In laying out what has so far been the most forceful presentation of the administration's justification for a pre-emptive strike, the U.S. Vice-President, Dick Cheney, has referred to what are essentially two different sets of factors. One of these sets can be broadly categorised as consisting of factors that the rest of the world is genuinely concerned about. Included in this set are the facts that Iraq did have a chemical and biological weapons capability, that Mr. Hussein did not hesitate to order the use of this capability against Iranian soldiers and dissident Kurds and that Baghdad might be trying to re-build this capability after much of it was destroyed in the 1991 Gulf War or via the programme of intrusive inspections that followed from it. Under the terms of the agreement that ended that war, Baghdad did commit itself to comply with a regimen wherein international weapons inspectors could probe all facilities for the production and storage of weapons of mass destruction (WMD) and the missiles to deliver them, destroy and dismantle this capability and ultimately be able to truthfully certify that Iraq was free of these weapons. It is not solely Iraq's fault that the weapons inspection programme did not unfold as envisaged, but its need to comply has not been erased and the rest of the world is justified in demanding that Iraq submit itself once again to the programme for intrusive inspections.

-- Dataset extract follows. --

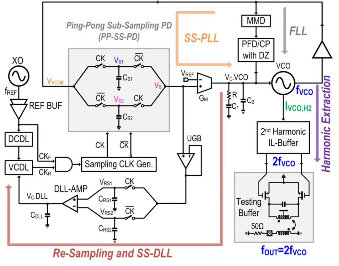 针对这些关键技术难题,中国科学院微电子研究所抗辐照器件技术重点实验室杨尊松、黄云波团队联合清华大学,开创性地提出了双边沿乒乓亚采样锁相环架构。该创新设计巧妙利用参考时钟的上升沿与下降沿,实现参考频率的等效倍频,成功解决了传统亚采样锁相环在环路带宽、带内相位噪声与参考杂散之间的设计矛盾。研究团队还开发了一种高效率的注入锁定缓冲器方案,该方案在高效提取振荡器二次谐波的同时实现谐波整形,显著降低了锁相环的带外相位噪声。

For the U.S. administration, however, Iraq's non-compliance on the weapons inspection front is relevant merely as a supplement to the main thrust of its case for a pre-emptive strike. The main thrust of Washington's argument is that Iraq under Mr. Hussein, possessing a WMD capability as it does, poses a grave danger to world peace since it might use that capability once it has been sufficiently developed or that it might pass on the capability to state-less terrorist groups. For this reason, Washington argues, there can never been a stable and peaceful world order till Mr. Hussein is toppled from office and the regime in Baghdad re-cast. To most of the rest of the world, this case appears over-drawn. In this context, the other set of factors referred to in Mr. Cheney's presentation take on added salience. The U.S. Vice-President has spoken of how Iraq's possession of a tenth of the world's oil reserves in combination with the WMD capability it is developing would enable it to dominate West Asia and defy Washington's promotion of its own special interests in the region. Few people elsewhere in the world would be prepared to concede that this is sufficient justification for an action that would further destabilise a region rocked by conflict between Israel and the Arabs and would exacerbate rage and frustration in the Muslim world.